DATASET CONTENT: Begin
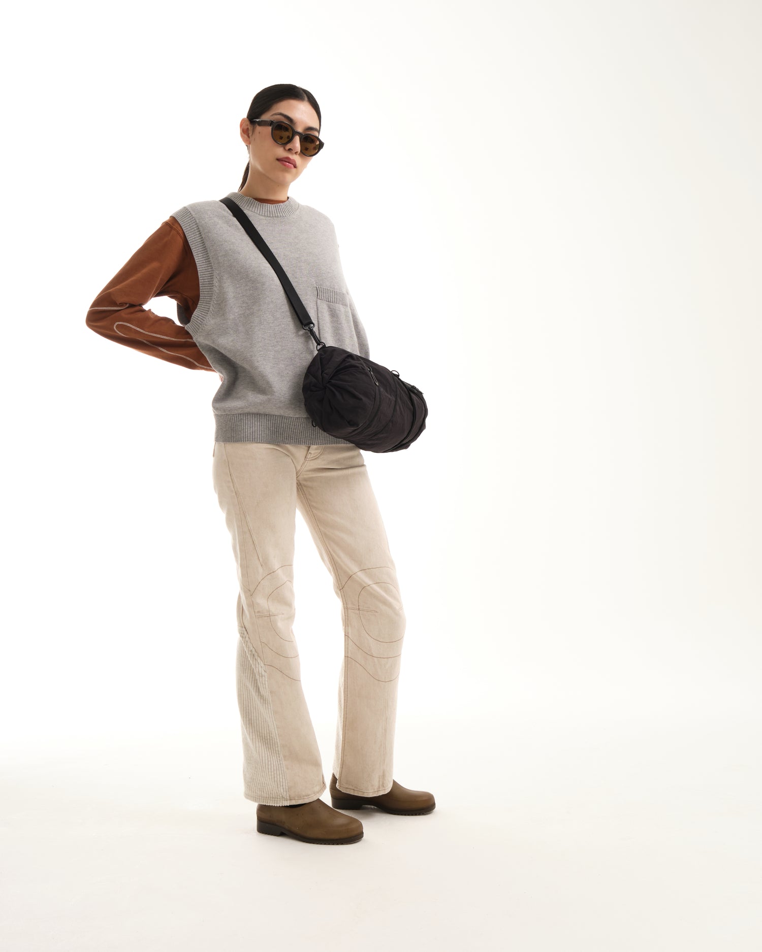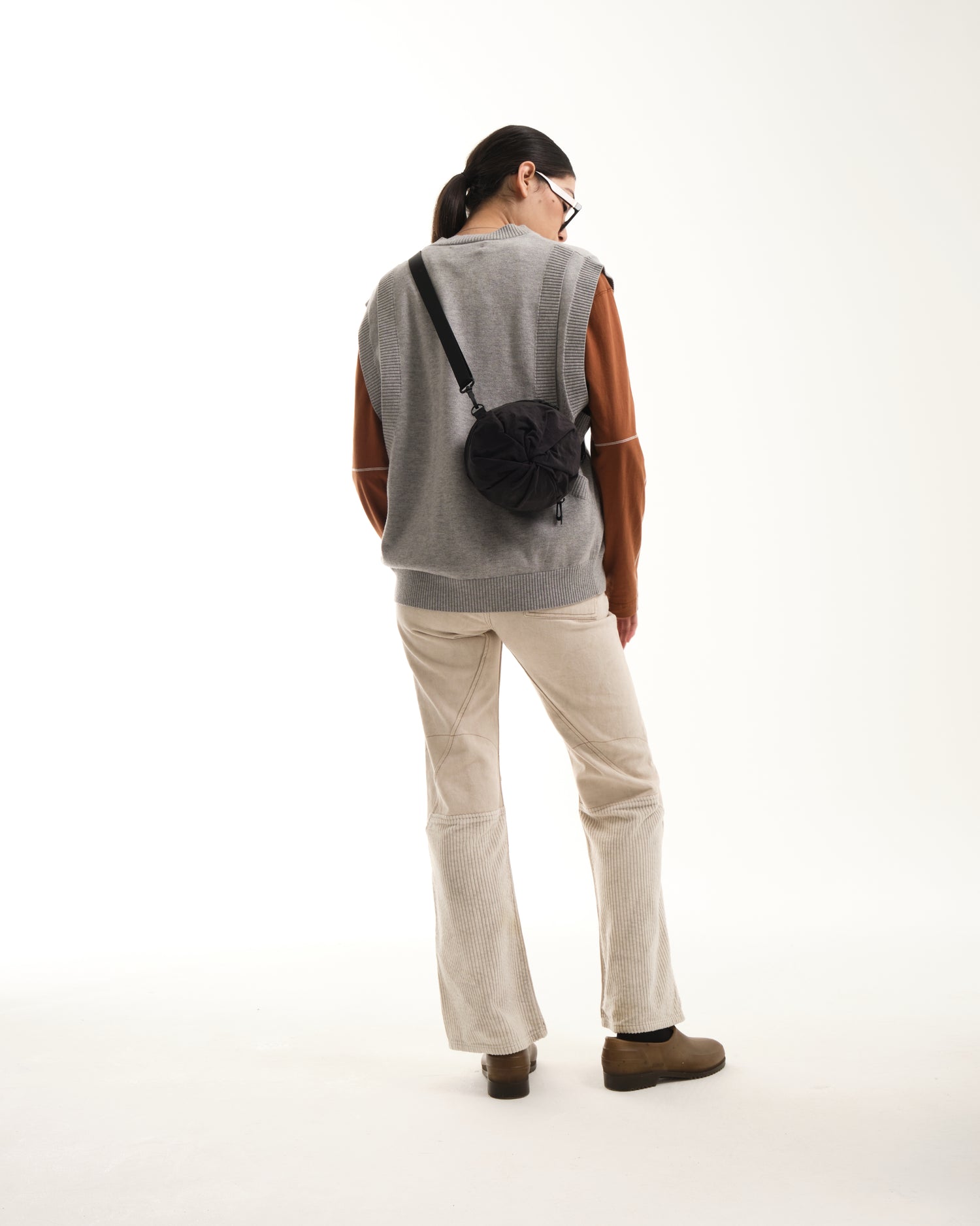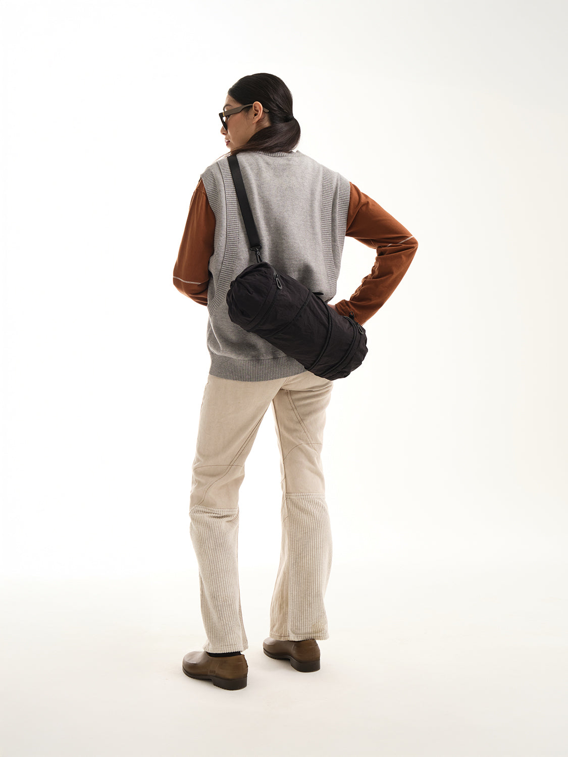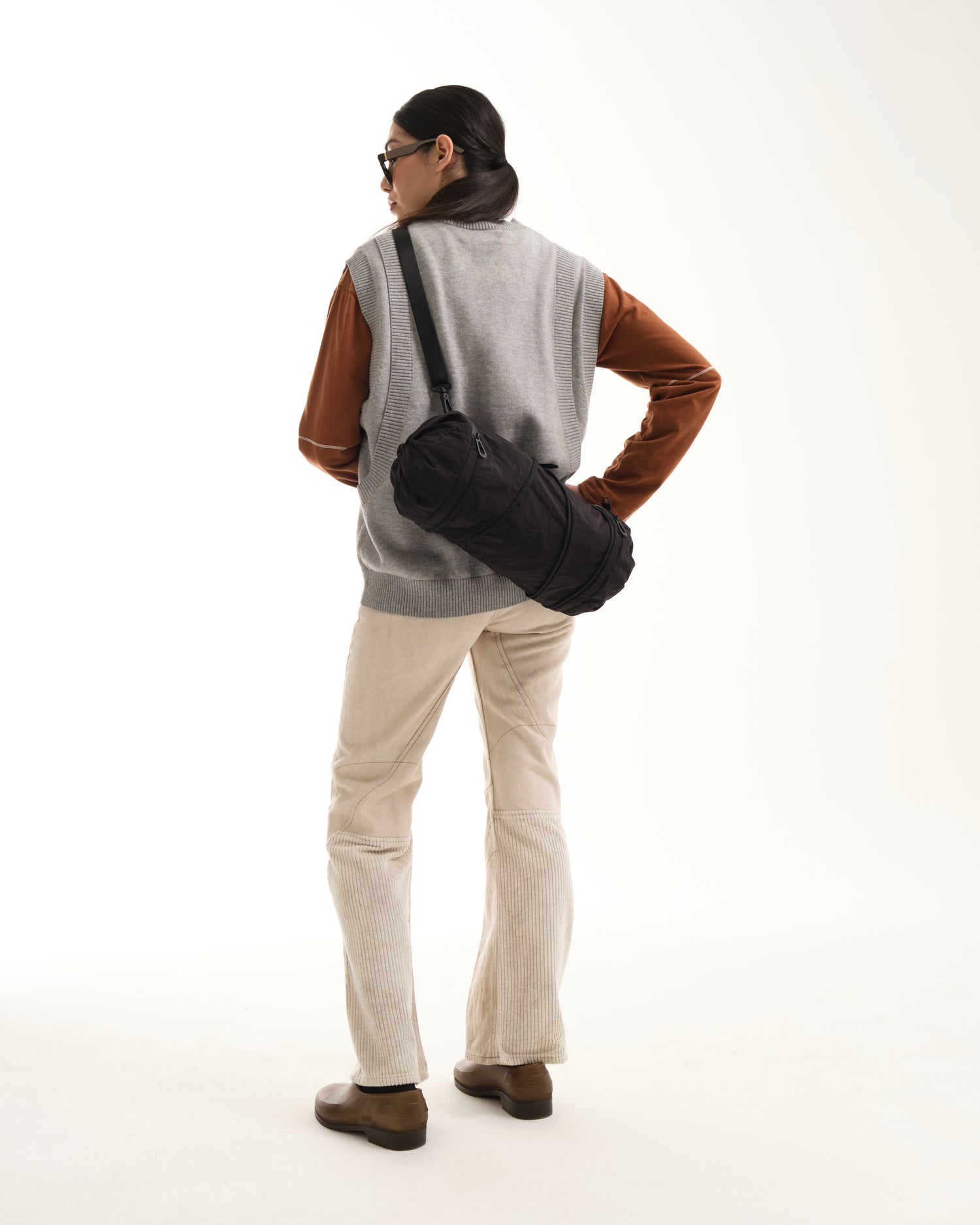 小さいオプションである圧縮 2 ポケット バッグは、ポケットが収納されている両端の生地に独特のひねりが施されているのが特徴です。そして中央のジッパーでバッグを小さなダッフルの形に拡張し、更にその中のジッパーを使用して中央のコンパートメントへアクセスします。
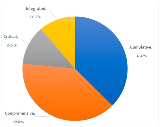 In the methodology subcategory, regarding the description of the teaching activity (DID.MET.01), in only 38/734 of the courses did the teacher actively act as a guide. In other words, there is an almost total predominance of a passive teacher and the dispensing of content (696/734). The details of students’ workload (DID.MET.02) are present in all courses, while the participation in the activities (DID.MET.03) is individual in 694/734 courses. Although previous research recognized the benefits of critical thinking in learning [38], 75.6% of courses from the sample are cumulative or comprehensive, and do not include elements that encourage the construction of critical competence. Thus, the type of learning (DID.MET.04) is predominantly cumulative in 275/734 courses, compressive in 287/734, critical in 90/734, and integrated in 82/734 courses (Figure 2). Regarding the degree of complexity (DID.MET.05), it is constant in 350/734 courses and ascending in 384/734.
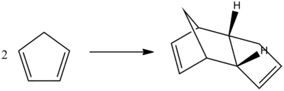 Cyclopentadiene is susceptible to dimerisation, undergoing a Diels-Alder 4πs+2πs cycloaddition, to produce either an endo or exo form. The exergonic ΔGo component associated with this reaction, reflects the favourable nature of dimerisation. The two π-bonds within one cylopentadiene ring [fixed in the s-cis conformation] react with one π-bond in the second cyclopentadiene ring to a partiallly hydrogenated dimer structure.
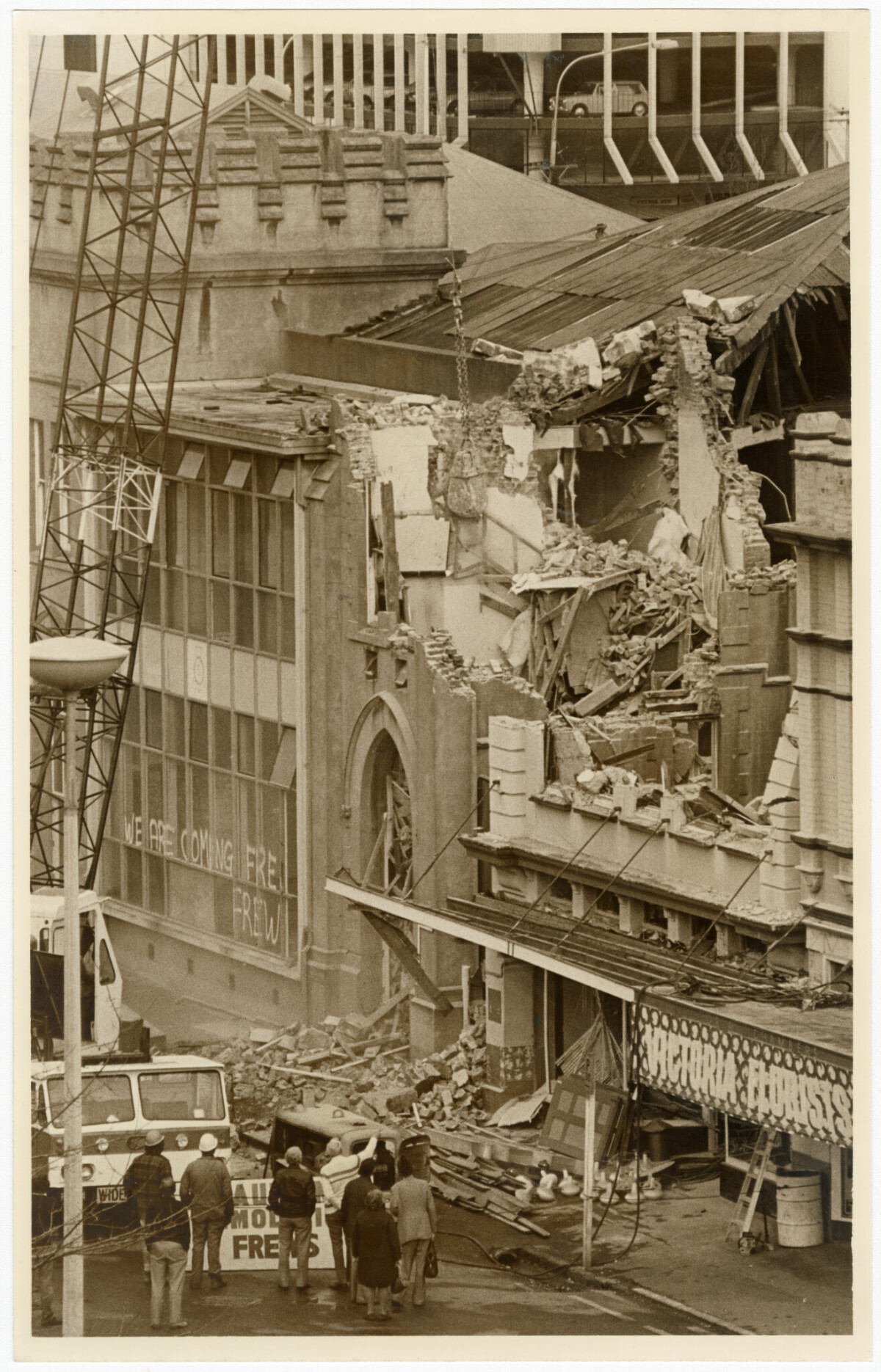Demolition of the Salvation Army citadel on Victoria Street near Victoria Square.
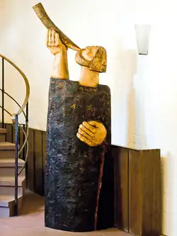 Sein Werkstoff ist Holz und seine Skulpturen stellen bib - lische Personen dar, die ihr Vertrauen auf Gott setzen. Durch die Verbindung zweier kontrastreicher Holzarten, Mooreiche und Linde, entstehen beeindruckende, tief - schichtige Holzfiguren.[2]
DATASET CONTENT: End
DESCRIPTION OF THE TASK
The copy you output must match the entries above exactly, except that it has no pictures.

ANSWER
 小さいオプションである圧縮 2 ポケット バッグは、ポケットが収納されている両端の生地に独特のひねりが施されているのが特徴です。そして中央のジッパーでバッグを小さなダッフルの形に拡張し、更にその中のジッパーを使用して中央のコンパートメントへアクセスします。
 In the methodology subcategory, regarding the description of the teaching activity (DID.MET.01), in only 38/734 of the courses did the teacher actively act as a guide. In other words, there is an almost total predominance of a passive teacher and the dispensing of content (696/734). The details of students’ workload (DID.MET.02) are present in all courses, while the participation in the activities (DID.MET.03) is individual in 694/734 courses. Although previous research recognized the benefits of critical thinking in learning [38], 75.6% of courses from the sample are cumulative or comprehensive, and do not include elements that encourage the construction of critical competence. Thus, the type of learning (DID.MET.04) is predominantly cumulative in 275/734 courses, compressive in 287/734, critical in 90/734, and integrated in 82/734 courses (Figure 2). Regarding the degree of complexity (DID.MET.05), it is constant in 350/734 courses and ascending in 384/734.
 Cyclopentadiene is susceptible to dimerisation, undergoing a Diels-Alder 4πs+2πs cycloaddition, to produce either an endo or exo form. The exergonic ΔGo component associated with this reaction, reflects the favourable nature of dimerisation. The two π-bonds within one cylopentadiene ring [fixed in the s-cis conformation] react with one π-bond in the second cyclopentadiene ring to a partiallly hydrogenated dimer structure.
Demolition of the Salvation Army citadel on Victoria Street near Victoria Square.
 Sein Werkstoff ist Holz und seine Skulpturen stellen bib - lische Personen dar, die ihr Vertrauen auf Gott setzen. Durch die Verbindung zweier kontrastreicher Holzarten, Mooreiche und Linde, entstehen beeindruckende, tief - schichtige Holzfiguren.[2]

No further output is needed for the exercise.